China's Military Steals Nvidia Chips Despite AI Ban

China banned Nvidia chips and Western AI — then stole them. CSET's 2026 report reveals 3 channels China's PLA uses to acquire U.S. AI despite export controls.


China officially banned its institutions from using Western AI models and restricted purchases of Nvidia chips (specialized processors that power large AI systems, originally designed for graphics rendering but repurposed as the primary hardware for training AI). It then proceeded to steal them anyway. That is the core finding from Georgetown University's Center for Security and Emerging Technology — CSET, a think tank dedicated to the national security implications of emerging technologies — whose senior fellow delivered that conclusion directly to the U.S. Congress in April 2026.

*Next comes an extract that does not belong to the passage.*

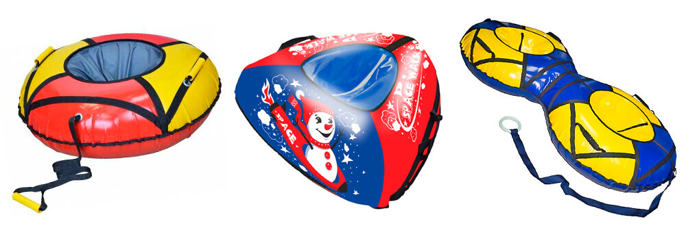 Чаще всего в магазинах встречаются круглые одноместные ватрушки, также есть треугольные и овальные бублики, двухместные «восьмёрки» и трёхместные «матрёшки». Они отличаются друг от друга только формой чехла. Камеры во всех одинаково круглые.
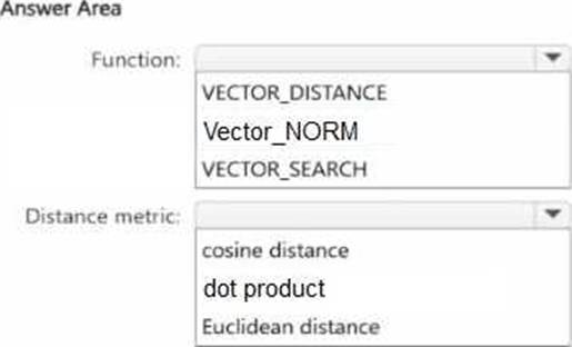 The correct distance metric is cosine distance. Microsoft documents that VECTOR_SEARCH supports cosine, dot, and euclidean metrics, and Microsoft guidance specifically notes that cosine similarity is commonly used for text embeddings. It also states that retrieval of the most similar texts to a given text typically functions better with cosine similarity, and that Azure OpenAI embeddings rely on cosine similarity to compute similarity between a query and documents. Since both NotesEmbeddings and DescriptionEmbeddings are text-derived embeddings and the goal is to minimize the impact of different chunk sizes, cosine is the best choice because it compares direction/angle rather than being as sensitive to vector magnitude as Euclidean distance.

The research lands at a precise inflection point: the Pentagon simultaneously announced deals with 7 major tech companies to deploy AI inside classified military systems. As the U.S. accelerates forward on military AI, CSET's data shows China's military apparatus is acquiring the same foundational technology through three separate channels that export controls have not closed.

China's Nvidia AI Ban — What Export Controls Are Missing

The contradiction at the heart of CSET's findings: China publicly banned access to foreign AI models and restricted Nvidia GPU (graphics processing unit — the chip type that became the primary hardware for AI training after proving able to run millions of parallel calculations simultaneously) purchases. These measures were framed as both ideological, keeping foreign AI influence out of Chinese systems, and practical, protecting domestic AI development from dependence on Western infrastructure.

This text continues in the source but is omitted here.